## What you will do
Below are records with pictures in them. Output exactly the lines from the one with "A statement piece" through the one with "宜昌市公安局點軍區(qū)分", both included, and leave every picture out; give only those lines.

## Material provided
· · · · · · ·

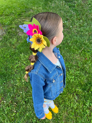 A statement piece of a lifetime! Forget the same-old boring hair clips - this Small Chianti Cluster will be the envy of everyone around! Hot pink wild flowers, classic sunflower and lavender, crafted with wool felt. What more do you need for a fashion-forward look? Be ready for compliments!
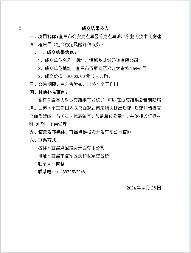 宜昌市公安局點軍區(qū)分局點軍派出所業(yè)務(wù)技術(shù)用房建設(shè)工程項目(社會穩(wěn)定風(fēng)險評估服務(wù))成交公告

· · · · · · ·

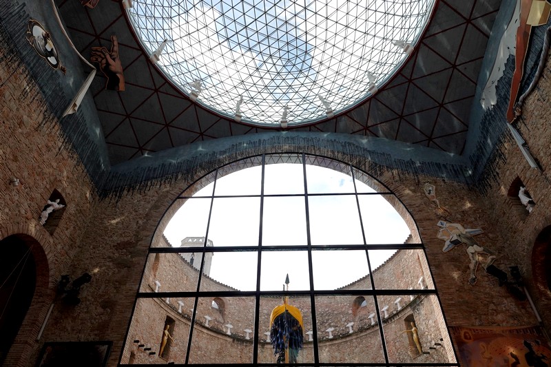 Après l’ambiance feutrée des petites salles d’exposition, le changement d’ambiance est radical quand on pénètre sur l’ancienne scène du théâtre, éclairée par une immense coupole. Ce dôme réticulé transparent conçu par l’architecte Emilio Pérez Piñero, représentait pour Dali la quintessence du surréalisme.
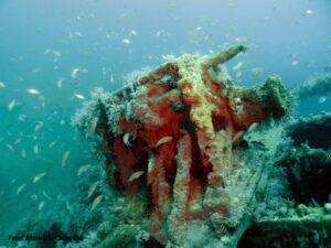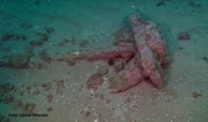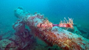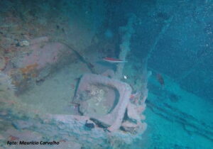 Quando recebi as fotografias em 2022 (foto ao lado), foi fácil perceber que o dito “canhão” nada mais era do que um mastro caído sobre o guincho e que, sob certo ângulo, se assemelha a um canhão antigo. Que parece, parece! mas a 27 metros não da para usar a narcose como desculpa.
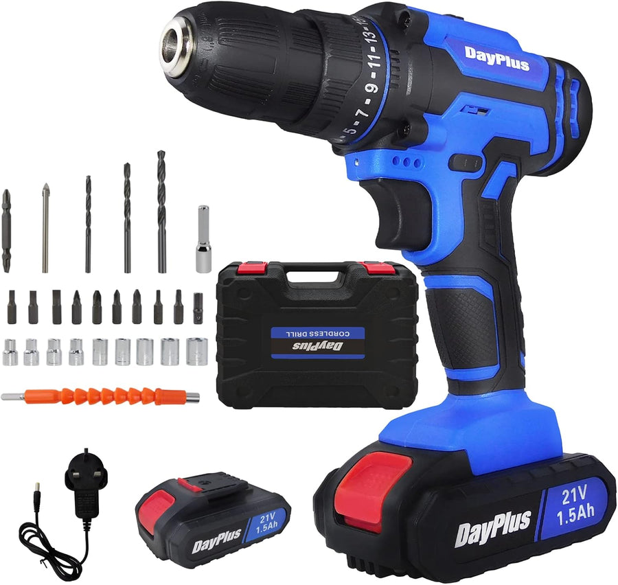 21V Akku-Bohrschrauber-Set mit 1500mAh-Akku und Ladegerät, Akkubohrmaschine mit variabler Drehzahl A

· · · · · · ·

## Output for this task
 A statement piece of a lifetime! Forget the same-old boring hair clips - this Small Chianti Cluster will be the envy of everyone around! Hot pink wild flowers, classic sunflower and lavender, crafted with wool felt. What more do you need for a fashion-forward look? Be ready for compliments!
 宜昌市公安局點軍區(qū)分局點軍派出所業(yè)務(wù)技術(shù)用房建設(shè)工程項目(社會穩(wěn)定風(fēng)險評估服務(wù))成交公告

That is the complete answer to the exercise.